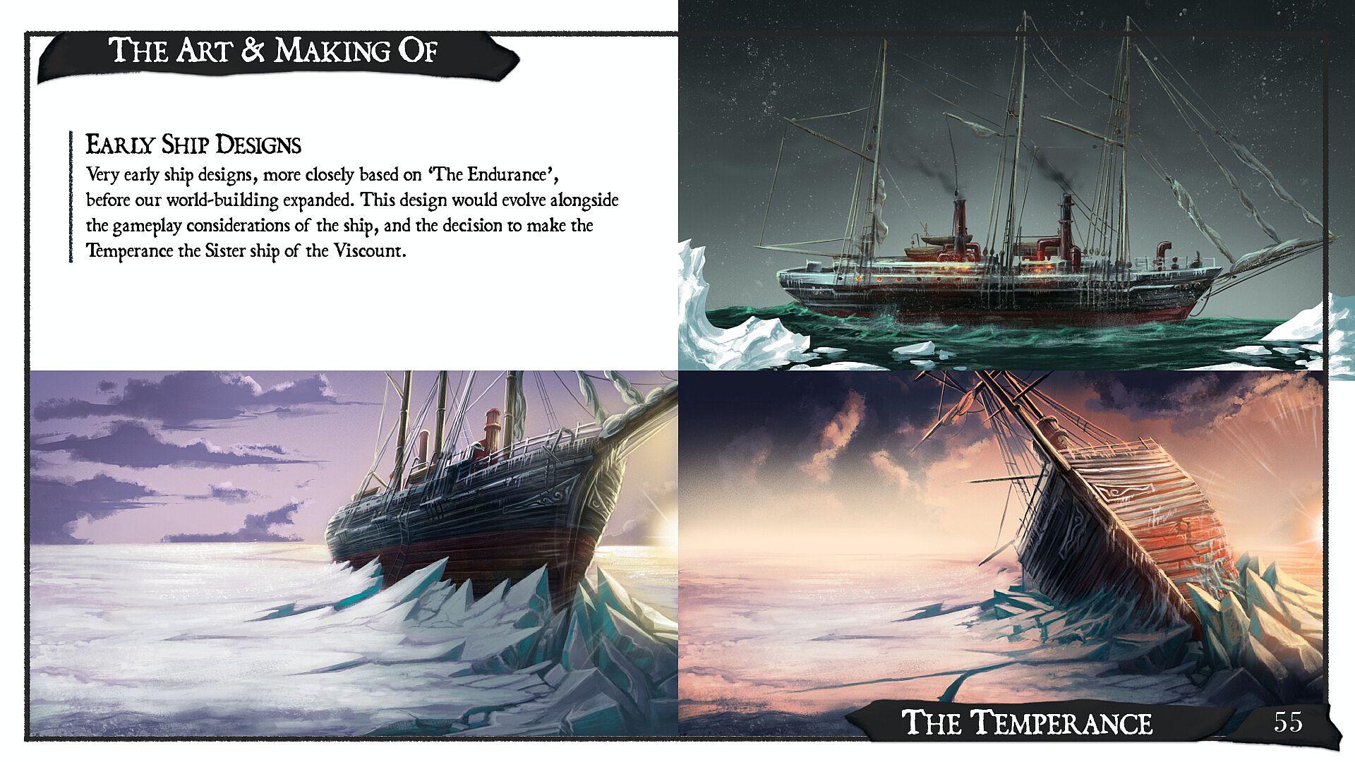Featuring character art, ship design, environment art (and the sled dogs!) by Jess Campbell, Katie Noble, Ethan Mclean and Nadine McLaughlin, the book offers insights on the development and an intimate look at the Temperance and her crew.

######

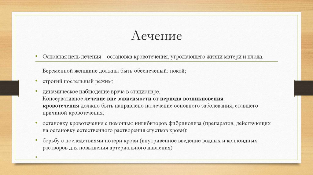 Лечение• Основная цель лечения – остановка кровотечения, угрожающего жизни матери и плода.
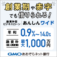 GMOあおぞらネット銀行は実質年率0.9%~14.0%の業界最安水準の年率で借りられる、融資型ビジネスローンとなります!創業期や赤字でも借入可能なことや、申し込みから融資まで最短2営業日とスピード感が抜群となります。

######

- _WHAT IS NEEDED_
From the records above, quote word for word only the lines beginning at the line that has "Лечение• Основная цель" and stopping after the line that has "GMOあおぞらネット銀行は実". Omit the pictures.

- _TASK OUTPUT_
 Лечение• Основная цель лечения – остановка кровотечения, угрожающего жизни матери и плода.
 GMOあおぞらネット銀行は実質年率0.9%~14.0%の業界最安水準の年率で借りられる、融資型ビジネスローンとなります!創業期や赤字でも借入可能なことや、申し込みから融資まで最短2営業日とスピード感が抜群となります。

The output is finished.